PC gone mad-Fire engines will have to have at least one firewoman on board in order to meet diversity guidelines, town hall leaders claim. Fire engines will have to have at least one firewoman on board in order to meet diversity guidelines, town hall leaders claim.

Personally I wouldn’t care if it was a man or a woman who doused the fire, but it can play havoc with your nails.

Vets gone mad- Throwing a stick for dog could damage its health, vet warns, Dan Brockman, a professor of small animal surgery at the Royal Veterinary College, has advised owners to use rubber toys or balls instead.

In a new report, Prof Brockman catalogued serious injuries caused by dogs being stabbed by sticks they have rushed to collect for their masters.

"When I see people throwing sticks for their dogs in the park I just get so frustrated," he said. "I want to go and tell them to stop."

Look on the bright side, at least those dogs have owners who care for them and are exercising them. And dogs don't swallow balls do they?

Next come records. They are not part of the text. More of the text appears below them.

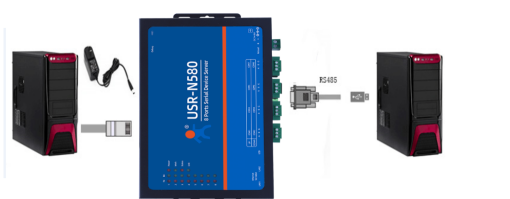 USR-N580-H7產(chǎn)品,USB-RS485串口線接N580串口一,注意485接線線序,USB-RS485 A線接N580 串口一的A端子,USB-RS485 B線接N580 串口一的B端子,USB頭插入電腦USB口。
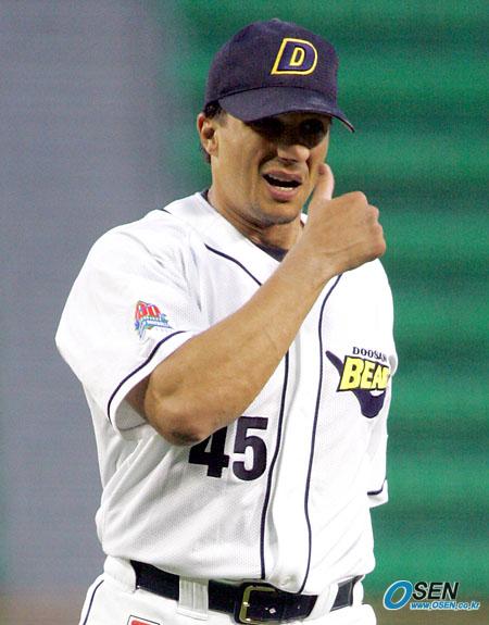 14일 두산 베어스와 SK 와이번즈의 잠실 경기서 두산 선발 투수 리오스가 이닝을 마무리한 뒤 콧등을 엄지로 닦으며 내려오고 있다./잠실=주지영 기자 jj0jj0@osen.co.kr [Copyright ⓒ OSEN(www.osen.co.kr) 무단전재 및 재배포 금지]
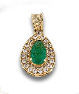 COLGANTE DE ESMERALDA Y DIAMANTES, EN ORO AMARILLO

Prince William's beard honoured-Prince William has been honoured for giving beards a positive image after sporting thick facial hair over the Christmas period.

The Prince finished as a runner-up in the annual Beard of the Year award.

Unfortunately the overall title was shared between the Archbishop of Canterbury, Rowan Williams, and ageing singer Tom Jones.

So how does it fell Wills? Coming second to a guy that looks like catweazle, and a pensioner?

Mystery naval explosion may have stinky solution-The mysterious explosion which sank a 17th century Royal warship may have been caused by the lavatory habits of its crew, a historian believes.

HMS London sank in 1685 after exploding without warning in the Thames Estuary near Chatham Docks in a blast which killed 300 people and was recorded by diarist Samuel Pepys.
Naval historians have long argued about the cause, suggesting a build-up of chemicals could have ignited the ship's supply of gunpowder.

But now one researcher believes the blast may have been triggered by the noxious accumulation of methane from the scores of sailors who relieved themselves in the bowels(unintended pun) of the ship.

Just goes to show, don’t shit on your own door step.

More PC gone mad -Marking in red ink banned in case it upsets schoolchildren, Hundreds of schools have banned their teachers from marking in red ink in case it upsets the children. They are scrapping the traditional method of correcting work because they consider it "confrontational" and "threatening".

Pupils increasingly find that the ticks and crosses on their homework are in more soothing shades like green, blue, pink and yellow or even in pencil.

What aload of old bollocks, if the dear little things did their work properly then they wouldn’t get upset.

And finally-Britain's weirdest phobias-David Allison, a therapist based at Addenbrooke's hospital, in Cambridge, was filmed treating some of the worst sufferers in an ITV1 documentary to be shown next week.

They included Sue Williams, 37, from Dudley in the West Midlands, who is so terrified of knees that she has not touched her own for 16 years and cannot say "kneecap" without bursting into tears.

Louise Arnold, from Gloucester, has a pea phobia which means she cannot walk down the frozen food aisle of a supermarket.

Explaining her dislike of peas, she said: "They tend to just look at me – ganging up on me. All the hairs on the back of my neck go up. I have to know where they are in the supermarket before I go in. It's just controlling my life now. I would like to be a dinner lady at my daughter's school, but I'm not even able to be in the same room as someone eating them."

Other sufferers in the programme included Kim Crosby, from Cambridge, who is terrified of barns. "It's very hampering in the summertime because I would like to drive around with the roof of my car down, but then there is nothing to protect me."

Earleen Taylor, who is so frightened of frogs that she sprints from her car to her front door in case one is lurking in the garden. Miss Taylor, of Sutton, Surrey, said: "I have a sixth sense for frogs. When it has been raining, I'm on red alert. I start to hyperventilate, and am gripped by fear."

Tea bags, tree roots and midgets are other terrors discussed in Britain's Weirdest Phobias, broadcast on Tuesday at 8pm.

Now that is a programme worth watching, perhaps the follow up will be filming them during their CBT treatment.